IRT the original topic, though, gun cleaning and lubrication is really not that complicated. There are no magic formulas for rounds fired vs. cleaning frequency or mystical potions that can be applied once and never touched again.

It's very simple; if you fire it, clean it. After you clean it, lube it. If it gets dirty too quickly because you have too much lube on it, use less lube or clean it more often. If you don't have time to clean it thoroughly, clean it as best as you can until you do have the time. Then when you do have the time, clean it thoroughly.

Clean means that there is nothing on the gun's parts that the manufacturer didn't put there or that isn't lube. How do you know when it’s dirty? Look at it. Does it have dirt on it? Have you fired it? If the answer is “yes” to either question, clean it.

Sometimes you have to clean your guns every 30 minutes, and sometimes you don't have to clean them for a year. It just depends on how dirty they get and how fast they get dirty.

Clean guns are more reliable than dirty guns. Reliable guns are better than less reliable guns, therefore, clean guns are better than dirty guns.

If you have to worry about wearing out a gun because you think you're cleaning it too much, then you're in the wrong line of work, or you need to get a new gun when you wear this one out.
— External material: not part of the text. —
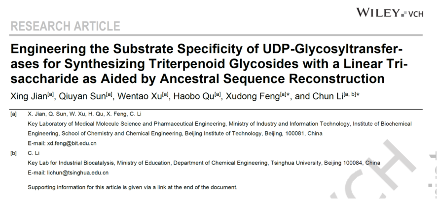 三萜化合物是一类重要的植物天然产物,因其独特的药理活性而受到广泛关注。然而,由于分子中的疏水碳环结构,三萜化合物普遍存在溶解度低和生物利用度差的问题。糖基修饰可显著改善三萜化合物的水溶性,因此三萜化合物多以糖苷的形式存在。其中,直链三糖基修饰是一种重要的糖基修饰类型,对发挥三萜化合物独特的药理活性具有重要意义。相较于化学合成法,利用酶法合成三萜糖苷化合物具有反应条件温和、定向催化和环境友好等优势,特别是在合成具有复杂多糖基修饰的三萜糖苷化合物时,酶法可避免化学合成法中繁杂的基团保护与去保护过程。尿苷二磷酸-糖基转移酶(uridine diphosphate glycosyltransferases,UGTs)是催化天然产物糖基修饰的主要生物催化剂,在目前已报道的UGTs中,大多仅催化三萜单糖苷和二糖苷的合成,具有直链三糖基修饰催化活性的UGTs数量极少,限制了三萜直链三糖苷的酶法合成。此外,该类型UGTs的催化功能特点和底物特异性的分子机制也不清晰。针对以上问题,本研究通过生物信息学分析、结合体外酶学性质表征系统发掘可催化合成三萜直链三糖苷的UGTs,并揭示该类型UGTs催化底物的结构特点,通过祖先酶序列重构、氨基酸突变和计算机模拟等手段阐明其底物特异性的分子机制。相关研究成果以“Engineering the Substrate Specificity of UDP-Glycosyltransferases for Synthesizing Triterpenoid Glycosides with a Linear Trisaccharide as Aided by Ancestral Sequence Reconstruction”为题目在国际知名期刊Angewante Chemie International Edition上发表(DOI: /10.1002/anie.202409867)。北京理工大学化学与化工学院博士研究生简行为该论文的第一作者,清华大学李春教授与北京理工大学化学与化工学院长聘副教授冯旭东为该论文的共同通讯作者。

There's entirely too much hype and too many snake oil salesmen trying to pawn-off the latest greatest gun-goop and gadgets. Adhere to the KISS principle and stay old-school, and you'll be just fine.

If it seems like it's all just too much work, well, nobody said it would be easy except the guy trying to part you from your hard-earned cash by selling you some patent-medicine potion that will eliminate forever the chore of cleaning your gun. If it still seems like too much work to clean your gun when your ass depends on it, then, again, you're in the wrong line of business.